**Exercise description**
Only the lines from the one with "Elegantes invitaciones de" through the end of the material are wanted, copied exactly and with the pictures left out.

**Dataset excerpt**
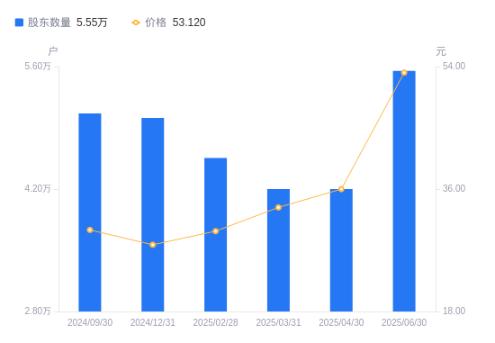 近一年(2024年6月30日至2025年6月30日),广晟有色A股股东户数从5.12万户,增加至5.55万户,增幅8.33%,区间股价上涨94.29%。
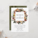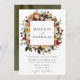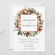 Elegantes invitaciones de bodas de otoño con nombres en el interior de un marco cuadrado rodeado de flores acuarelas y vegetación con colores otoñales mudos de marfil, naranja, oro de mostaza, verde oliva, rosa polvoriento y marrón. Las invitaciones de casamiento floral de otoño se invitan a revertir para mostrar un rico fondo de color verde oliva. Diseñado para coordinar con nuestra colección Boho Autumn Floral boda.
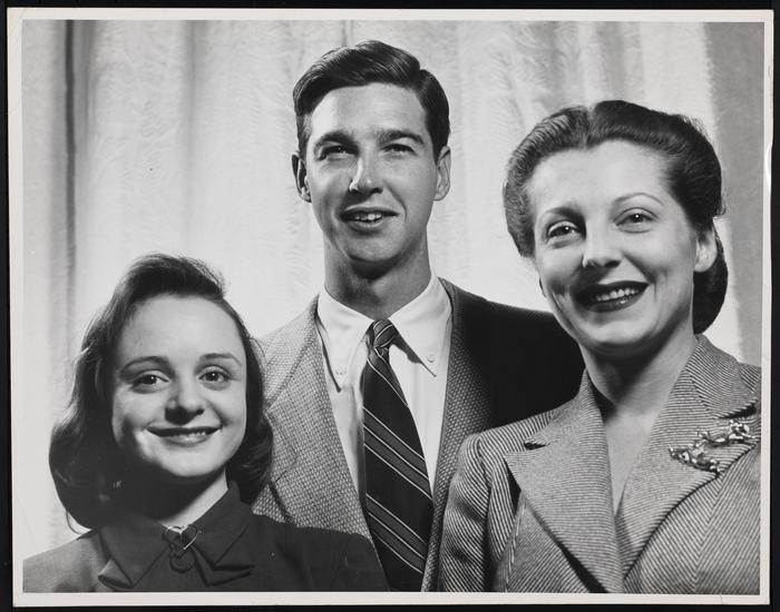 [Francesca Bruning as Ellen Curtis, Alexander Kirkland as Willis Reynolds and Patricia Peardon as Judy Graves in "Junior Miss".]

**Exercise response**
 Elegantes invitaciones de bodas de otoño con nombres en el interior de un marco cuadrado rodeado de flores acuarelas y vegetación con colores otoñales mudos de marfil, naranja, oro de mostaza, verde oliva, rosa polvoriento y marrón. Las invitaciones de casamiento floral de otoño se invitan a revertir para mostrar un rico fondo de color verde oliva. Diseñado para coordinar con nuestra colección Boho Autumn Floral boda.
 [Francesca Bruning as Ellen Curtis, Alexander Kirkland as Willis Reynolds and Patricia Peardon as Judy Graves in "Junior Miss".]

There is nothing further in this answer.